To train our model we use the 'train_model' function below. It contains multiple loops. On the highest level you loop over epochs. During every epoch the model first loops over the training batches and subsequently over the validation batches. The loss and accuracy are printed for both the train and test set, after every epoch.

To train the network, the loss is calculated for every train batch based on the loss function, i.e. 'criterion(outputs, labels)'. Subsequently the gradients are calculated using backpropagation with 'loss.backward'. Finally the weights are updated based on the gradients during 'optimizer.step()'. These steps are the core of training every deep learning model.

In [None]:
def train_model(model,criterion,optimizer,trainloader,valloader,epochs):
    train_loss = []
    val_loss = []
    train_acc = []
    val_acc = []

    for epoch in range(epochs):  # loop over the dataset multiple times

        # train step
        model.train(True)
        running_loss = 0.0
        running_acc = 0.0
        total = 0.0

        for i, data in enumerate(trainloader, 0):
            # get the inputs; data is a list of [inputs, labels]
            inputs, labels = data[0].to(device), data[1].to(device)

            # zero the parameter gradients
            optimizer.zero_grad()

            # forward + backward + optimize
            outputs = model(inputs)
            loss = criterion(outputs, labels)
            loss.backward()
            optimizer.step()


            # print statistics
            running_loss += loss.item()
            _, predicted = torch.max(outputs.data, 1)
            running_acc += (predicted == labels).sum().item()
            total += outputs.shape[0]

        print(f'epoch: {epoch + 1}, loss: {running_loss / i:.3f}')
        train_loss.append(running_loss / i)
        train_acc.append(running_acc / total)

        # validation step
        model.train(False)
        running_vloss = 0.0
        running_vacc = 0.0
        vtotal = 0.0

        for i, data in enumerate(valloader, 0):
            # get the inputs; data is a list of [inputs, labels]
            inputs, labels = data[0].to(device), data[1].to(device)

            # forward + backward + optimize
            outputs = model(inputs)
            loss = criterion(outputs, labels)

            running_vloss += loss.item()
            _, predicted = torch.max(outputs.data, 1)
            running_vacc += (predicted == labels).sum().item()
            vtotal += outputs.shape[0]

        print(f'epoch: {epoch + 1}, vloss: {running_vloss / i:.3f}')
        val_loss.append(running_vloss / i)
        val_acc.append(running_vacc / vtotal)
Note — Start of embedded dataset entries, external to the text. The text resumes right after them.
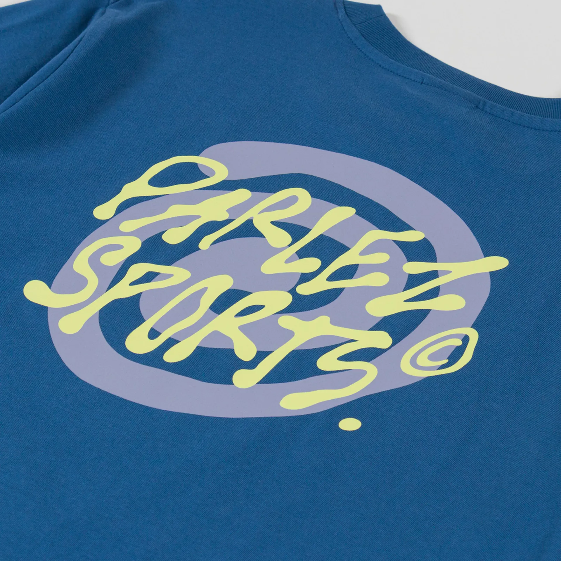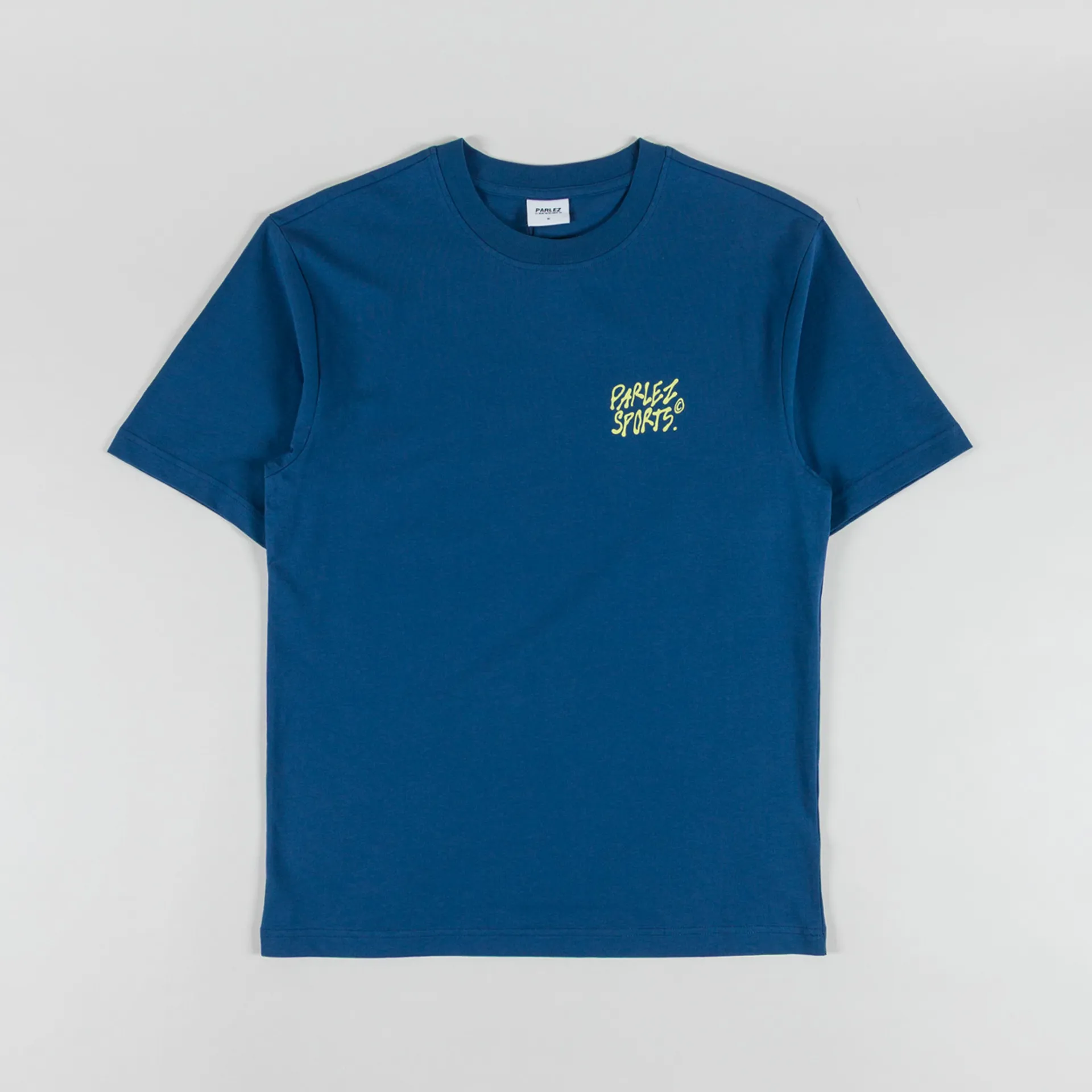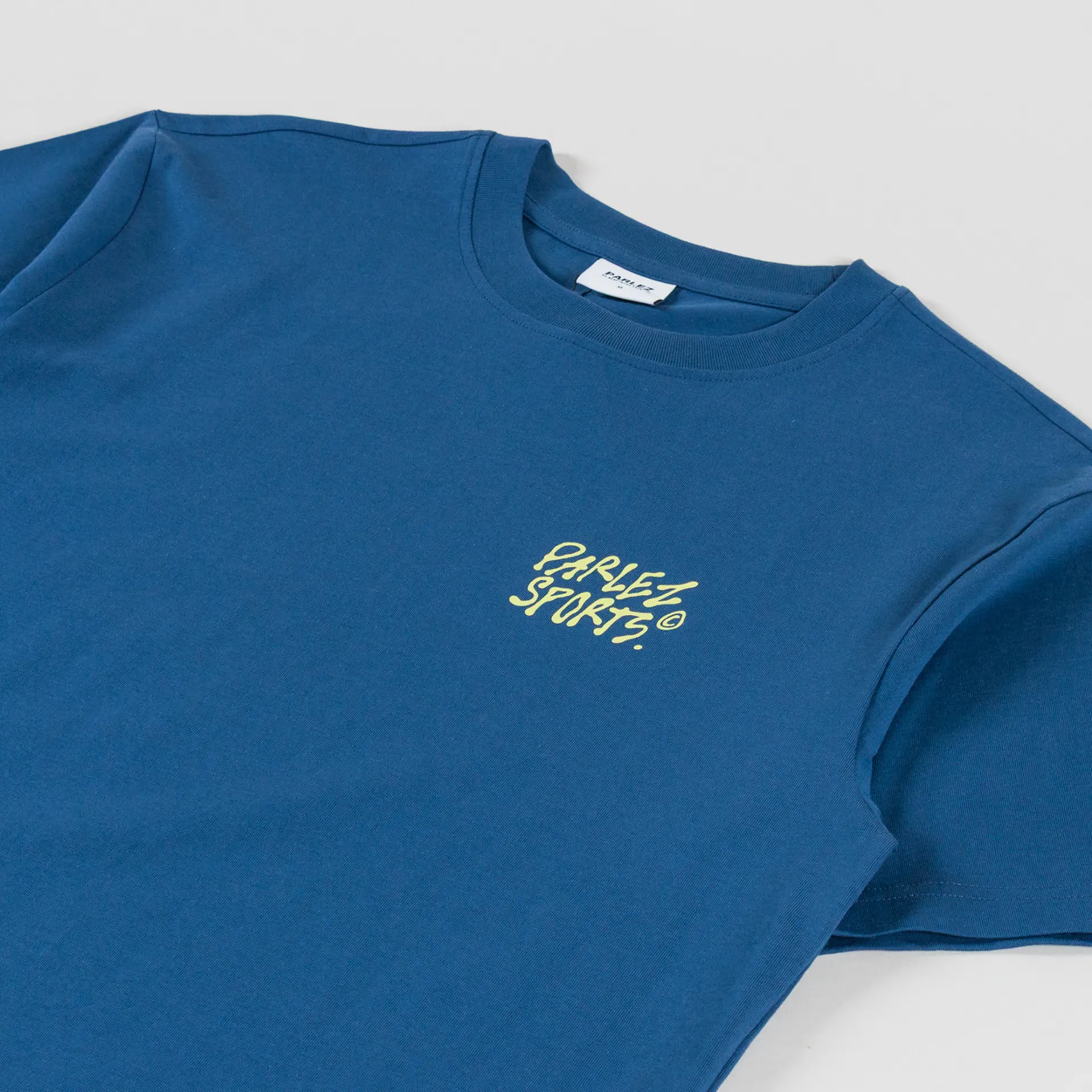 A graphic tee from Parlez, constructed from 100% GOTS certified organic cotton and cut in a regular fit for everyday comfort. It features a ribbed crewneck, a straight hem, with a small graphic at the chest and a larger print across the back.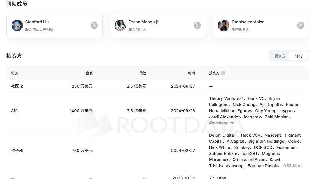 Delphi Digital领投的750w美元种子轮。在个人投资者中也不乏DCF GOD、naniXBT、熊链的BOSS烟熊等经验丰富的天使投资人。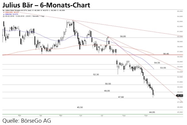 Rückblick: Ende Juli unterschritten die Aktien von Julius Bär die Unterseite einer Dreiecksformation, die mit der wichtigen Unterstützung bei 56,45 CHF zusammenfiel und bildeten damit ein mittelfristiges Verkaufssignal aus.

    print('Finished Training')

    return train_loss, train_acc, val_loss, val_acc

Now we are ready to train our model! We use 5 epochs here to get some quick results. Training for more epochs probably gives you better results, but at some point you will start to overfit.

In [None]:
epochs = 5

train_loss, train_acc, val_loss, val_acc = train_model(model,criterion,optimizer,trainloader,valloader,epochs)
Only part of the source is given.